EXERCISE BRIEF – Look through the entries below and copy exactly the part that begins with the line containing "第四档的球队分别是贝西克塔斯" and ends with the line containing "grease and fat. |". Do not copy the pictures.

RECORDS PROVIDED –
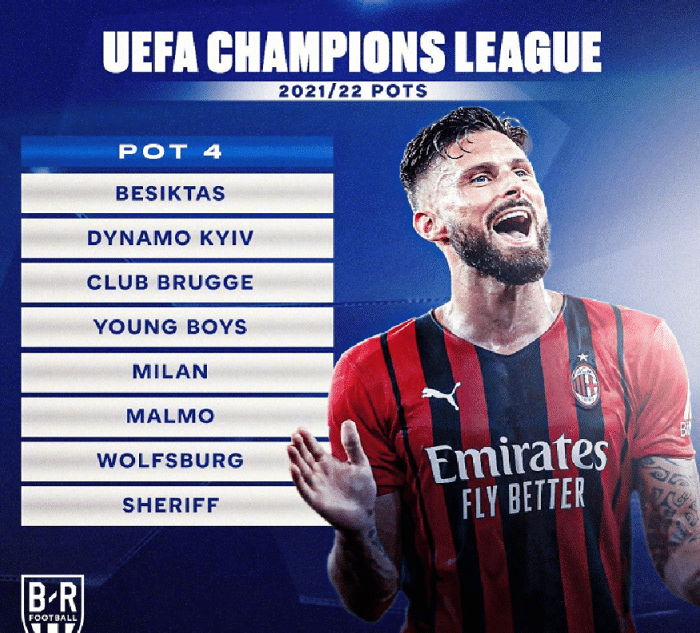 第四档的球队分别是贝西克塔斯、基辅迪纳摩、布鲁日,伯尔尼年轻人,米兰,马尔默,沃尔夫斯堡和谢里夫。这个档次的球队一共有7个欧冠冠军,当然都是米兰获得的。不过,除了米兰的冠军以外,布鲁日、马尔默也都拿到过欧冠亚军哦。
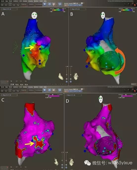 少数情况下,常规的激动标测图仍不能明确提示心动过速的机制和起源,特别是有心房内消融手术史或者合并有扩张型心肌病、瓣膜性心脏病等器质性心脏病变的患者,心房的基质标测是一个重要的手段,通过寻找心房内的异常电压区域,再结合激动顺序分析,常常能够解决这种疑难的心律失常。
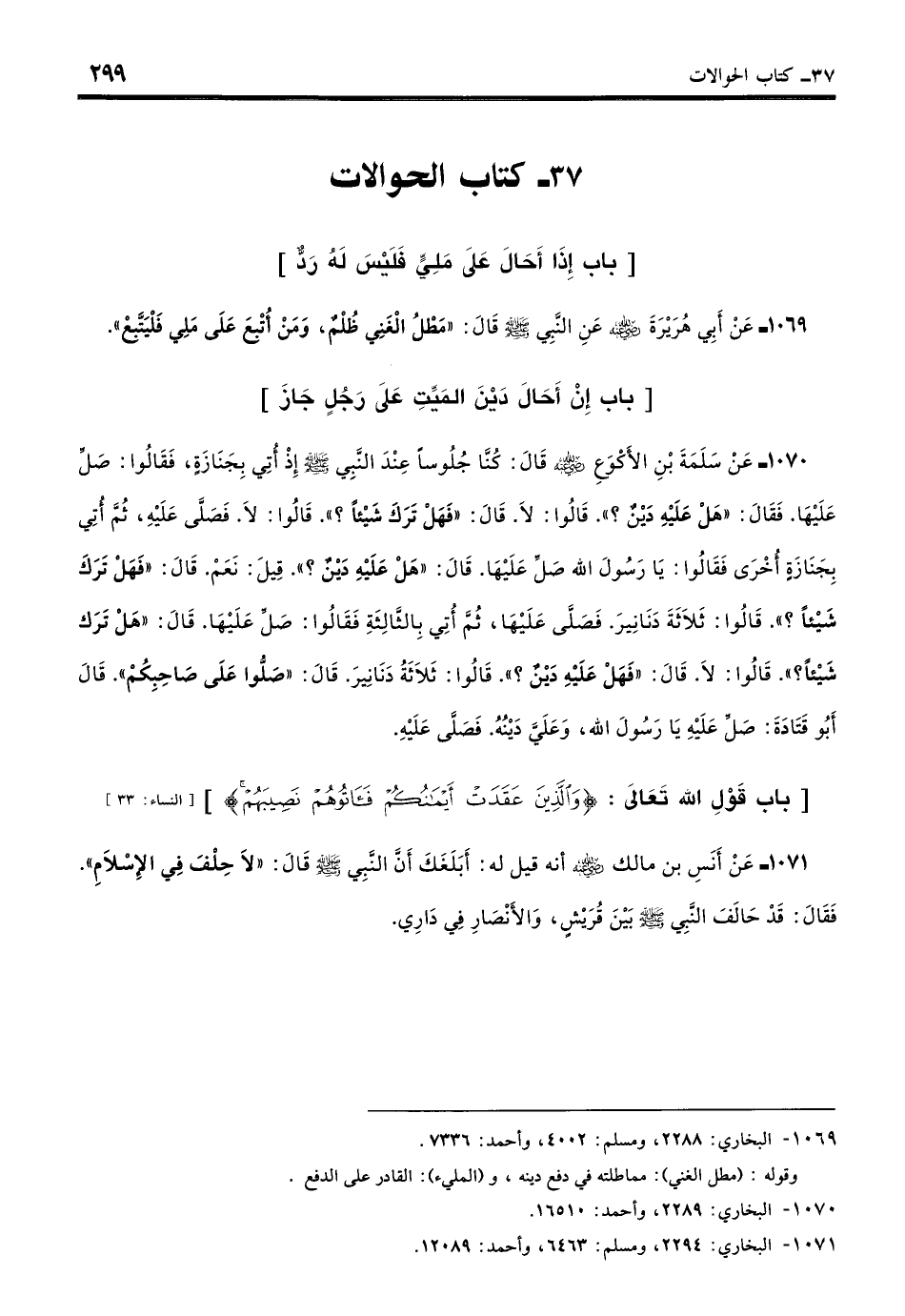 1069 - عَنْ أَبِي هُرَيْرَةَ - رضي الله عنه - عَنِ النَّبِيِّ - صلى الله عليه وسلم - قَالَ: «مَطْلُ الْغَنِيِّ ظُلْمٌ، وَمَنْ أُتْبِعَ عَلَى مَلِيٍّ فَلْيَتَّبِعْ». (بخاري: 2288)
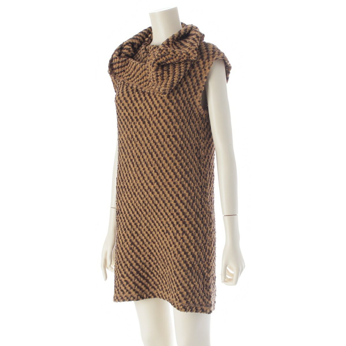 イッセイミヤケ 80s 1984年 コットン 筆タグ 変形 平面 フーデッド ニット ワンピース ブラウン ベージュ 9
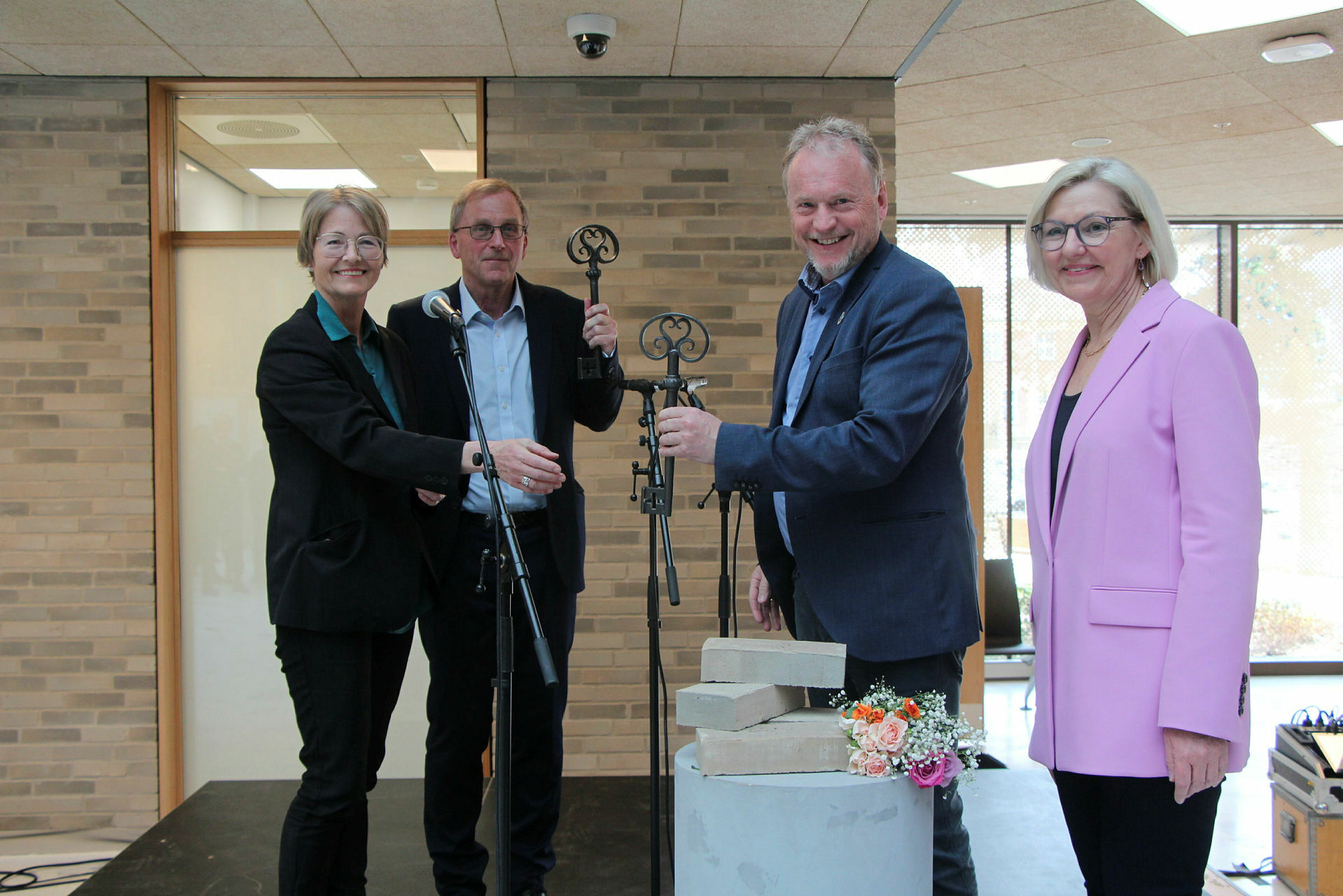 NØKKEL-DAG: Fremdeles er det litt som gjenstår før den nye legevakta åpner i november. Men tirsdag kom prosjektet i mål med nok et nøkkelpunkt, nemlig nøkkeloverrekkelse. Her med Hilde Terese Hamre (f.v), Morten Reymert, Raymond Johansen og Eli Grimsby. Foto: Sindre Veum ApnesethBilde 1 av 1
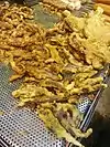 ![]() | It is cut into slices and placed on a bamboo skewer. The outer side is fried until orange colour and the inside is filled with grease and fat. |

==

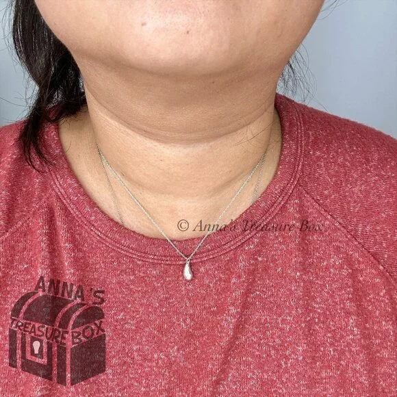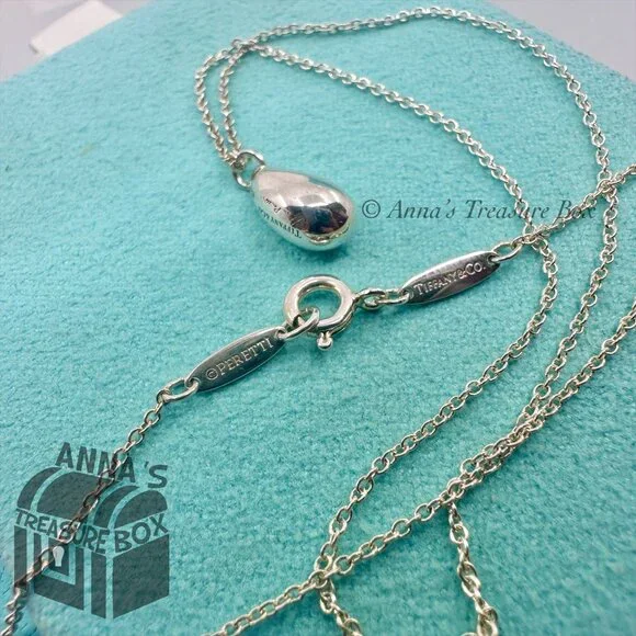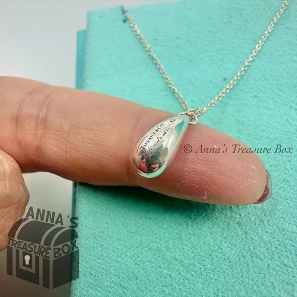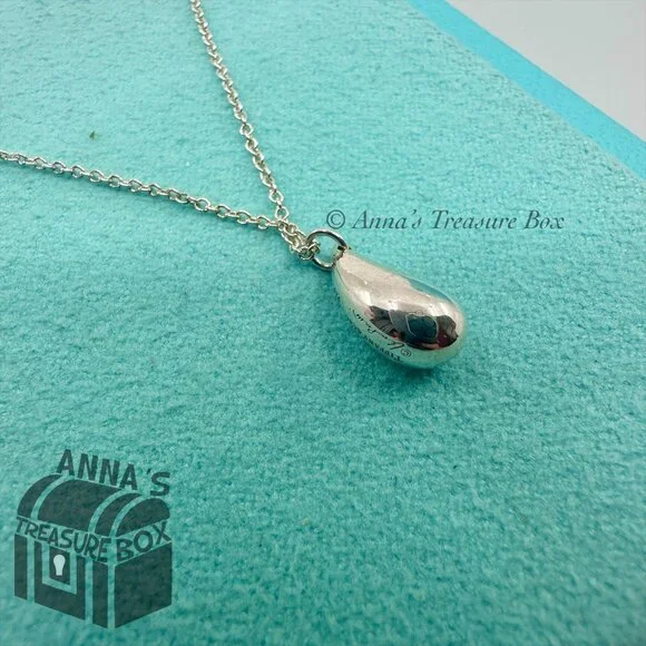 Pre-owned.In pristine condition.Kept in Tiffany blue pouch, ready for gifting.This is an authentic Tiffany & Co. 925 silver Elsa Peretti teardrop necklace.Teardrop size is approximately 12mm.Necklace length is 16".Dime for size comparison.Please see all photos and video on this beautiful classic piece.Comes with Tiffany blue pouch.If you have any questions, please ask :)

* * *

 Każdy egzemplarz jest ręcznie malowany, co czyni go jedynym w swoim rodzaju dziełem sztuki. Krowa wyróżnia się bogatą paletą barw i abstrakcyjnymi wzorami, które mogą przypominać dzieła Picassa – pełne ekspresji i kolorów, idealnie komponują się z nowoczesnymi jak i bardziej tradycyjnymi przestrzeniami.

ANSWER TO THIS EXERCISE –
 第四档的球队分别是贝西克塔斯、基辅迪纳摩、布鲁日,伯尔尼年轻人,米兰,马尔默,沃尔夫斯堡和谢里夫。这个档次的球队一共有7个欧冠冠军,当然都是米兰获得的。不过,除了米兰的冠军以外,布鲁日、马尔默也都拿到过欧冠亚军哦。
 少数情况下,常规的激动标测图仍不能明确提示心动过速的机制和起源,特别是有心房内消融手术史或者合并有扩张型心肌病、瓣膜性心脏病等器质性心脏病变的患者,心房的基质标测是一个重要的手段,通过寻找心房内的异常电压区域,再结合激动顺序分析,常常能够解决这种疑难的心律失常。
 1069 - عَنْ أَبِي هُرَيْرَةَ - رضي الله عنه - عَنِ النَّبِيِّ - صلى الله عليه وسلم - قَالَ: «مَطْلُ الْغَنِيِّ ظُلْمٌ، وَمَنْ أُتْبِعَ عَلَى مَلِيٍّ فَلْيَتَّبِعْ». (بخاري: 2288)
 イッセイミヤケ 80s 1984年 コットン 筆タグ 変形 平面 フーデッド ニット ワンピース ブラウン ベージュ 9
 NØKKEL-DAG: Fremdeles er det litt som gjenstår før den nye legevakta åpner i november. Men tirsdag kom prosjektet i mål med nok et nøkkelpunkt, nemlig nøkkeloverrekkelse. Her med Hilde Terese Hamre (f.v), Morten Reymert, Raymond Johansen og Eli Grimsby. Foto: Sindre Veum ApnesethBilde 1 av 1
 ![]() | It is cut into slices and placed on a bamboo skewer. The outer side is fried until orange colour and the inside is filled with grease and fat. |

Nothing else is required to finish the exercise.